(Ottawa) Le gouvernement Trudeau doit profiter de son prochain budget pour « renouveler » le partenariat entre le secteur public et le secteur privé. Ce partenariat est crucial pour attirer de nouveaux investissements et créer de la richesse, estime la présidente du Conseil sur la stratégie industrielle du Canada, Monique Leroux.

Joël-Denis Bellavance Joël-Denis Bellavance
La Presse

Des investissements dans les infrastructures « physiques et numériques » de la part d’Ottawa seront nécessaires pour jeter les bases de ce « partenariat renouvelé », selon Mme Leroux. Cela passe aussi par la présentation d’une « feuille de route claire et précise » pour les trois ou cinq prochaines années lorsque la ministre des Finances, Chrystia Freeland, déposera son plan budgétaire, le lundi 19 avril.

« Le rôle du gouvernement sur le plan économique, c’est beaucoup d’être un facilitateur, de créer des conditions en adoptant des politiques publiques qui vont permettre de la croissance économique grâce au dynamisme entrepreneurial et au dynamisme des entreprises », a affirmé Mme Leroux, dans une entrevue avec La Presse mardi.

Elle a donné en exemple le transport ferroviaire au pays. Comment un pays du G7 peut-il encore avoir des voies ferrées qui doivent être partagées entre des trains de marchandises et des trains de passagers ? « Le moment est venu de se donner une vision beaucoup plus claire et plus à long terme de nos infrastructures de transport et de commerce à travers le pays », affirme l’ancienne présidente du conseil et chef de la direction du Mouvement Desjardins.

Infrastructures

Cela est d’autant plus vrai que certains pays ont profité de la pandémie pour accélérer les travaux visant à améliorer leurs infrastructures, souligne-t-elle, afin d’être fin prêts pour la réouverture de l’économie. « Notre chemin de fer qui partage des voies entre des trains de passagers et des trains de marchandises, c’est un peu dépassé, ajoute-t-elle. S’il fallait que l’on compare notre infrastructure ferroviaire à travers le Canada à ce que l’on retrouve en France ou en Chine… Je pense qu’il doit y avoir des investissements publics assez importants qui doivent être annoncés et qui permettront aux entreprises privées de comprendre où le Canada s’en va. »

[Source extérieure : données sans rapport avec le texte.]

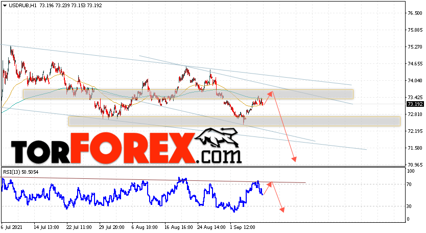 Дополнительным сигналом в пользу падения валютной пары USD/RUB 9 сентября 2021 выступит тест линии тренда на индикаторе относительной силы. Вторым сигналом станет отскок от верхней границы нисходящего канала. Отменой варианта падения пары USD/RUB на Форекс станет сильный рост и пробой уровня 74.55. Рублей за Доллар. Это укажет на пробой области сопротивления и продолжение подъёма пары Доллар Рубль в область выше уровня 77.85. Подтверждением падения пары выступит пробой области поддержки и закрытие котировок актива под уровнем 72.95.

Dans cette vision à long terme, il faut inclure les ports et les aéroports si l’on veut que les entreprises puissent compter sur des infrastructures fiables, efficaces et rapides pour croître et améliorer leur compétitivité, selon elle.

Un moment « exceptionnel »

Mme Leroux a tenu ces propos à La Presse en marge d’une présentation virtuelle sur la relance économique devant les membres du Canadian Club de Toronto en compagnie du PDG de Suncor Energy, Mark Little, et du PDG de BMO Financial Group, Darryl White. L’évènement était animé par Goldy Hyder, président et chef de la direction du Conseil canadien des affaires.

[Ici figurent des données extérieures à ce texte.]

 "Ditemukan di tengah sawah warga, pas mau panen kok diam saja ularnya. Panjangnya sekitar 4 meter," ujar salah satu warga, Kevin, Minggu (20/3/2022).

Selon Mme Leroux, le prochain budget représente un moment « exceptionnel », voire un rendez-vous historique pour donner un nouvel élan à l’économie canadienne. À condition, toutefois, que le gouvernement fédéral et les provinces jouent leurs cartes budgétaires adéquatement.

« L’un des défis que l’on a au Canada sur la compétitivité, c’est que le niveau d’investissement privé au Québec et au Canada est inférieur à ce que l’on retrouve dans d’autres pays, entre autres aux États-Unis. Cela affecte notre compétitivité et notre productivité. Donc, la manière de relancer les investissements du privé, c’est d’avoir une clarté sur la feuille de route que veulent suivre les gouvernements au moment où ils vont faire des investissements publics importants », a souligné Mme Leroux.

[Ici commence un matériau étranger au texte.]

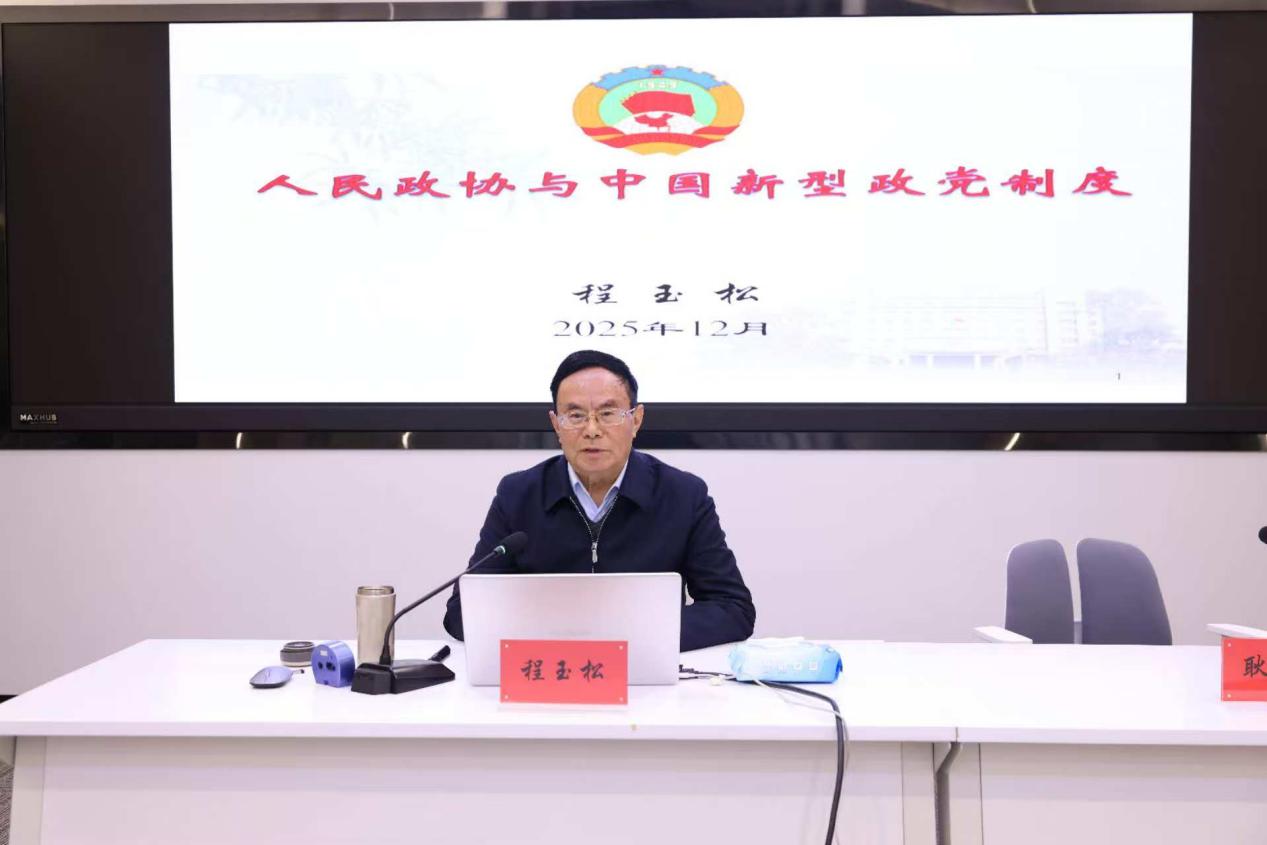 中国共产党领导的多党合作和政治协商制度是我国一项基本政治制度。为进一步推动党的创新理论入脑入心,12月23日,学校特邀江苏省社会主义学院兼职教授、江苏省领导干部高校思政课师资库成员程玉松,为我校学生讲授了一堂主题鲜明、内涵深邃的思政课。学校高度重视领导干部上讲台讲思政课工作,此次活动,校党委书记丁荣余精心部署,校长张迎春现场与专家交流,副校长耿焕同主持活动。程玉松曾担任县委办公室主任,省委办公厅副处长、处长,省委农村工作领导小组办公室副主任,省政协副秘书长、研究室主任。他以“人民政协与中国新型政党制度”为题,结合自身深厚的理论素养和丰富的实践经验,系统梳理了中国新型政党制度的形成和发展,深刻分析了中国新型政党制度具有的鲜明特色和显著优势,详细阐述了人民政协是实行新型政党制度的重要政治形式和组织形式,将理论融入历史脉络与现实实践,以生动的案例和鲜活的语言,为师生们呈现了一堂既具理论深度又富有实践温度的思政课。 程玉松指出,中国新型政党制度,植根于中华优秀传统文化,孕育于近代中国民主革命进程的伟大政治创造,形成于协商筹建新中国的伟大实践,发展于社会主义革命、建设、改革的伟大进程,完善于中国

En plus de miser sur l’innovation, Mme Leroux incite les gouvernements à utiliser les sommes importantes qu’ils dépensent en approvisionnement d’une manière plus stratégique pour soutenir les entreprises canadiennes dans leur croissance, comme le font les États-Unis. Mais il faut le faire, précise-t-elle, sans tomber dans le protectionnisme.